He returns home to Chilean seabass and an early bedtime. Game time.

THURSDAY: MAJOR START

Mito is up before dawn; he likes to get to the course two hours before his tee time and this morning has a 7:33 first-tee appointment with Englishman Sam Horsfield and club pro Nic Ishee. It’s a fortuitous draw; they’re on the better side of the weather and it’s a warm morning, even for Oklahoma.

The crowd vacuum of Tiger Woods, Jordan Spieth and Rory McIlroy is three groups behind them off No. 10. Suffice it to say the 7:33 group has just a modest following. Horsfield shoots 74 and Ishee shoots 78 but Pereira starts steady and finishes hot; he nearly holes his tee shot at the long par-3 14th and plays the final six holes in two under par to post 68, just three shots off the lead. He’s pumped.

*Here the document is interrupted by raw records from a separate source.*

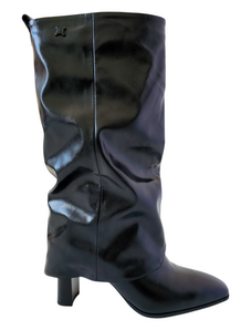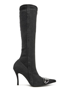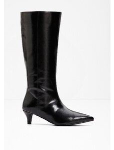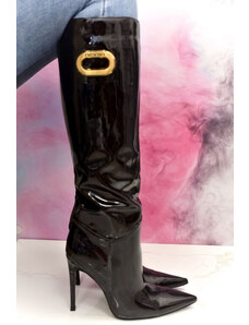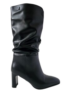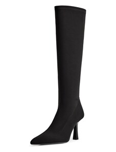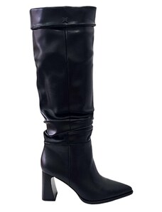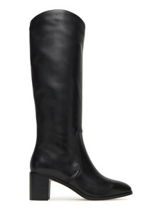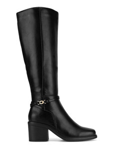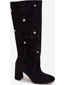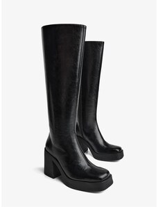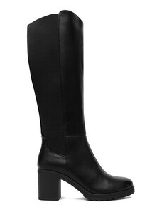 BASIC Čierne dámske vysoké čižmy na podpätku, podpätok 4 cm ZY1087
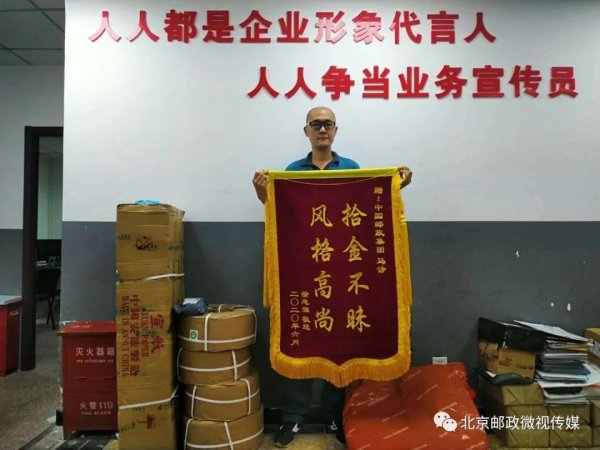 7月16日下午5點左右,用戶徐先生來到西城區(qū)西單郵政支局金融街營業(yè)部,將一面寫有“拾金不昧 風(fēng)格高尚”的錦旗送給快遞員馬諍,并給營業(yè)部經(jīng)理一封感謝信。
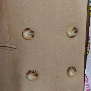 Women's Jones of New York bouble breasted suit jacket. It truly could use a dry cleaning but unfortunately there not one dry cleaners open. And I'm to a fried to try the dry cleaning stuff you buy in the store. I did that once and and left a huhe stain on I was trying to dry clean. There's a few pulls in the material and there's a few spots that the materials like little old best jacket is over 35 years old buy as is so please look at pictures carefully. It really needs to be dry cleaned
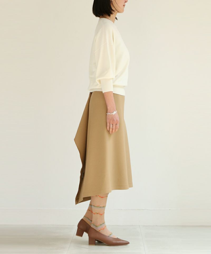 コレクションのほとんどは立体裁断から行い、デザインをしています。袖を通すことで品質の良さを感じられ、衣服を着た女性の表情や立ち居、振る舞いをより美しく見せる衣服をつくりだし、コンプレックスをチャームポイントにしてくれる。教えたいけど、秘密にしたい。そんなアイテムたちが揃う。
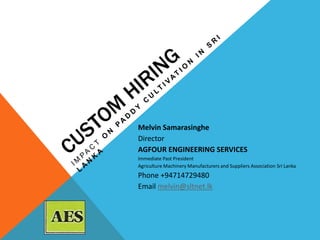 Melvin Samarasinghe, Director, Agfour Engineering Services Presented at the ReSAKSS-Asia conference “Agriculture and Rural Transformation in Asia: Past Experiences and Future Opportunities”. An international conference jointly organized by ReSAKSS-Asia, IFPRI, TDRI, and TVSEP project of Leibniz Universit Hannover with support from USAID and Deutsche Forschungsgemeinschaft (DFG) at the Dusit Thani Hotel, Bangkok, Thailand December 12–14, 2017.
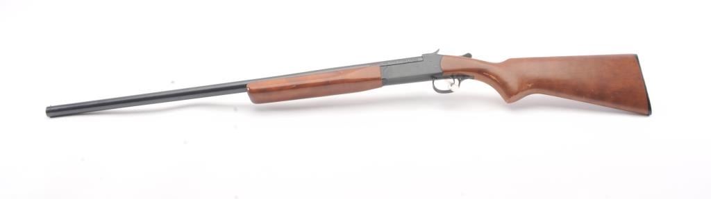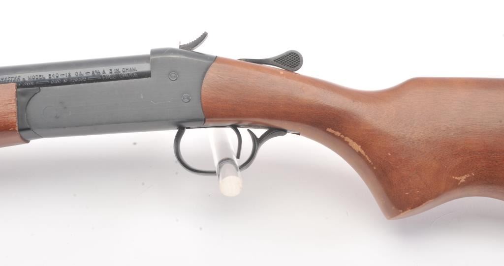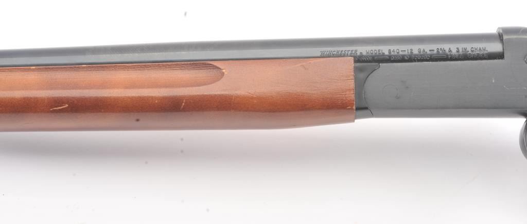Winchester 840 single shot exposed hammer shotgun in 12GA for 2 3/4" and 3" made in the U.S.A., S/N CE37511. The barrel measures 29 5/8" and full choked. 95%-98% original blue. The stock shows scrapes and scratches butgood to very good. Very little firing or use. 1950s-60s production. (C&R) Est.: $125-$250
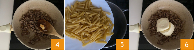 Continue cooking for another two minutes. Remove the garlic and keep warm 4. Cook the pasta for the time indicated on the package. Before draining the pasta, add the stracchino to the pan with the sausage 6.
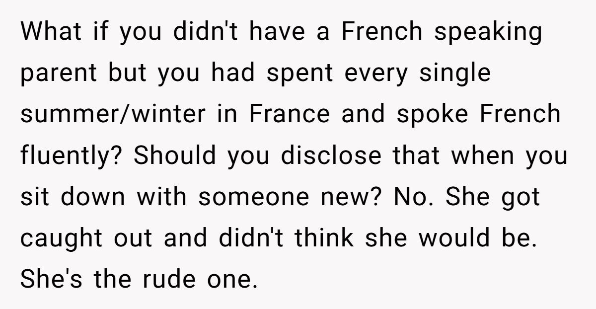 The next day, the friend messaged the Redditor, claiming she had “deceived” her by not being upfront about speaking French. She demanded an apology for what she saw as a “trap.”
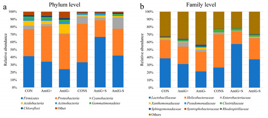 - Choi, J.H.; Lee, K.; Kim, D.W.; Kil, D.Y.; Kim, G.B.; Cha, C.J. Influence of dietary avilamycin on ileal and cecal microbiota in broiler chickens. Poult. Sci. 2018, 97, 970–979. [Google Scholar] [CrossRef]
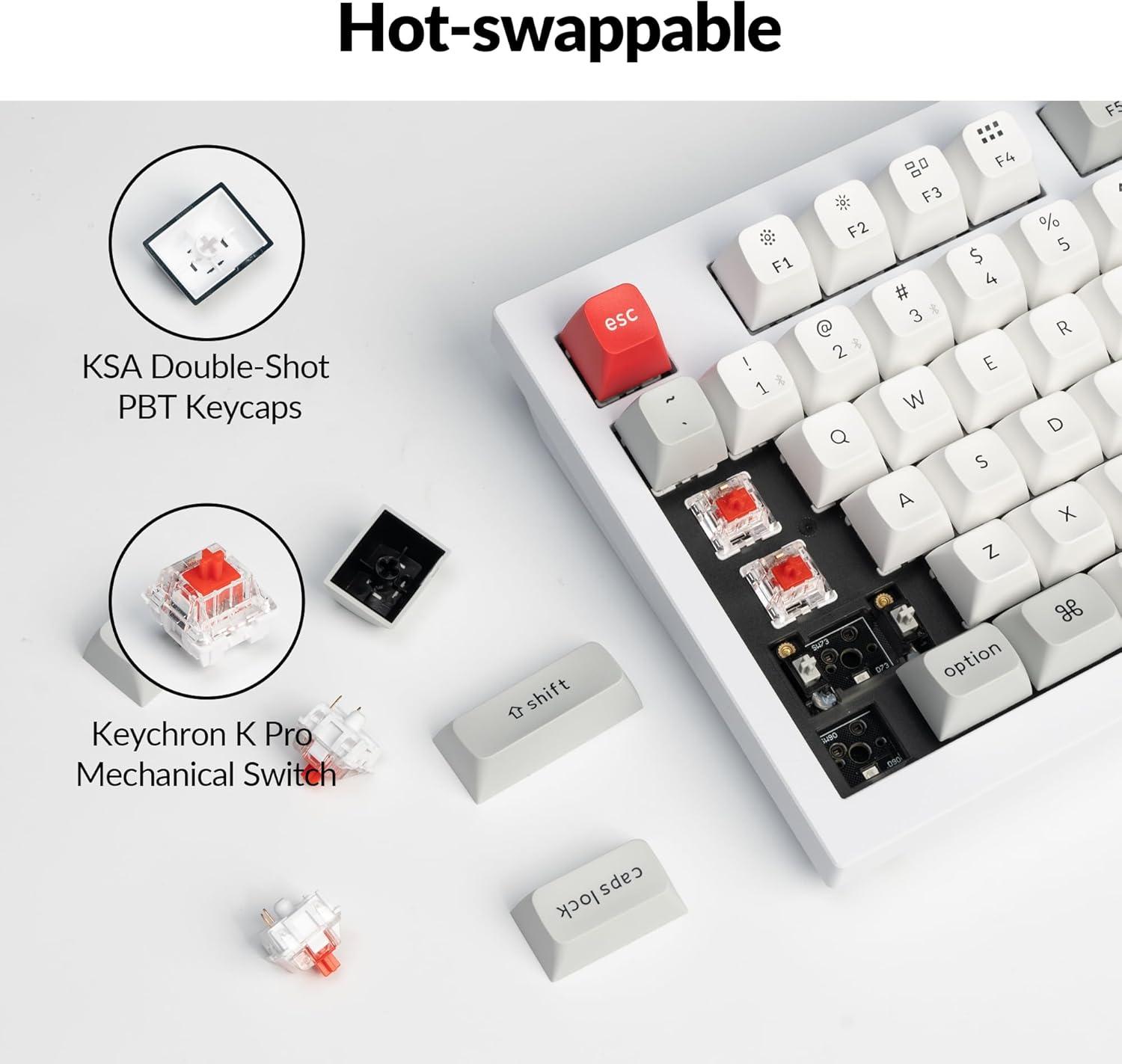 Hot-Swappable and PBT Keycaps – You can hot-swap every switch on the Q5 Pro with almost all of the 3pin and 5pin MX style mechanical switches on the market without soldering required. Our unique KSA profile double-shot non-backlight shine through PBT keycaps are oil-resistant and durable for long-term use. While the south-facing RGB backlight is made for premium non-shine through keycaps.

“I’m really happy with my game,” he tells reporters. “I just want to do the same tomorrow and keep striking the ball really well.” He’s asked about the contingent of Latin Americans and describes their bond.

“We’re basically a team,” he says. “We come from another part of the world, so we come here and we just support each other.”

Niemann shoots 68, too. There are good vibes at home. Rodrigo preps seafood risotto for dinner and they get to bed early again. Don’t mess with a good thing, right?

FRIDAY: ‘IT’S BIGGER NOW’

I wait for Pereira by the stairs that lead away from the media compound. We walk up toward the locker room.

How many interviews was that?

He glances back and I can see him counting through them: live hits on CBS and Sky Sports. An interview with SiriusXM. A session with the pool of reporters who want to learn his story. (“I remember my first tournament was at six; first international tournament at eight,” he’d told one reporter, then realized he didn’t want to run through his entire chronology. “…then kept going,” he finished.) Then he’d stopped by Golf Channel…and so on.

“Eight?”

That must be the most he’s ever done.

“Definitely.”

Mito Pereira conducting interviews on Friday.

Dylan Dethier

Dylan Dethier

I’m trying not to add a ninth interview but tell him I’ll just walk with him. He’s chipper. He’s grinning, hat slightly askew, basking in the rush of a second-round 64, of four birdies in his last eight holes, of solo second place, eight under par. It’s been a dream day. I’m curious if he was looking at leaderboards as he poured in birdie putts, watching his name climb toward the top.

“Of course,” he said. “I mean, f— it, I’m in a major, right? It was nice.”

I point out that earlier in the week he thought it felt like any other tournament. He shrugs.

“I tried to. I guess it’s bigger now.”

Mito Pereira shot a second-round 64.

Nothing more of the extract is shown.